● **Record excerpts**
==========
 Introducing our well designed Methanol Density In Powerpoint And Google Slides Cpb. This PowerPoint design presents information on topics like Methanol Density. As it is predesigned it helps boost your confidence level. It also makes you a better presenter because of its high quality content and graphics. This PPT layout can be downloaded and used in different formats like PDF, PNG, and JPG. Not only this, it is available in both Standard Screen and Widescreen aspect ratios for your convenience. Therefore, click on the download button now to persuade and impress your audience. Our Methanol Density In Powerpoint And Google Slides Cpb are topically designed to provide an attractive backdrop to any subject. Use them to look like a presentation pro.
==========
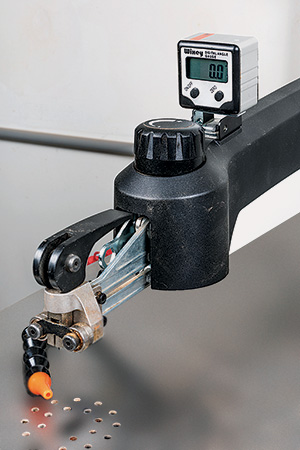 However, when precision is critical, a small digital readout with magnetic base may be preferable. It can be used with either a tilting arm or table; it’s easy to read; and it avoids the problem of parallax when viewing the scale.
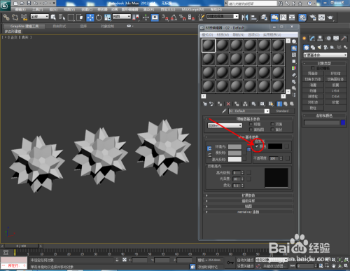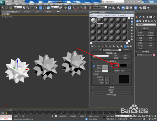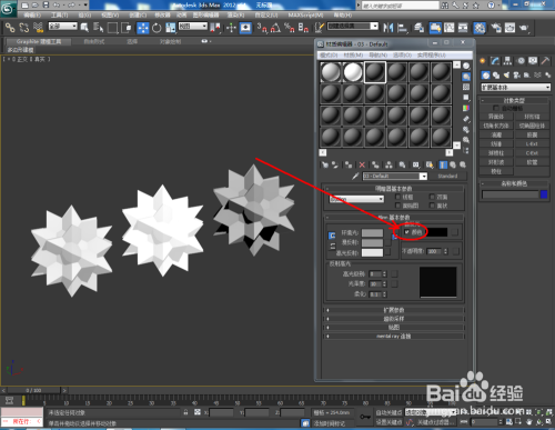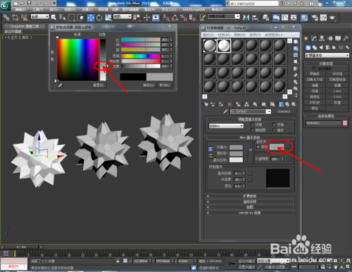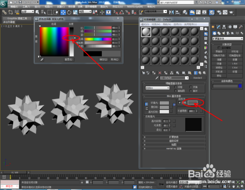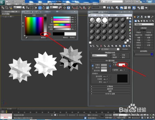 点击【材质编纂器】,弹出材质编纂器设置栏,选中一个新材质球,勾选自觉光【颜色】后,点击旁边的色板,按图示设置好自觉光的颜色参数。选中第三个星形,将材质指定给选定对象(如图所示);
==========
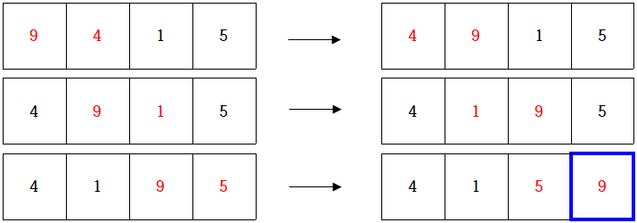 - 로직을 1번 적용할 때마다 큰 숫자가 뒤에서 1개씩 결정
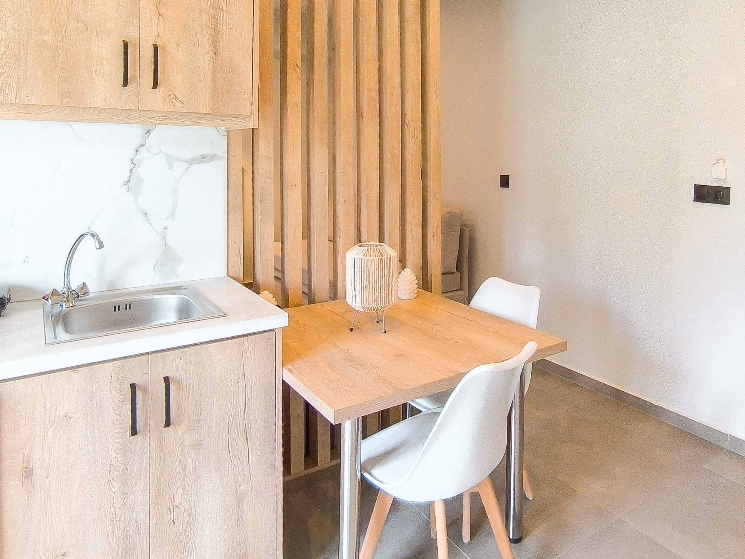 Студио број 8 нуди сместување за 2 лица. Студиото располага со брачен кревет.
==========
● **Task instructions**
Return exactly the part of the listing above that opens with the line containing "However, when precision" and closes with the line containing "点击【材质编纂器】,弹出材质". Pictures stay out.

● **Response box**
 However, when precision is critical, a small digital readout with magnetic base may be preferable. It can be used with either a tilting arm or table; it’s easy to read; and it avoids the problem of parallax when viewing the scale.
 点击【材质编纂器】,弹出材质编纂器设置栏,选中一个新材质球,勾选自觉光【颜色】后,点击旁边的色板,按图示设置好自觉光的颜色参数。选中第三个星形,将材质指定给选定对象(如图所示);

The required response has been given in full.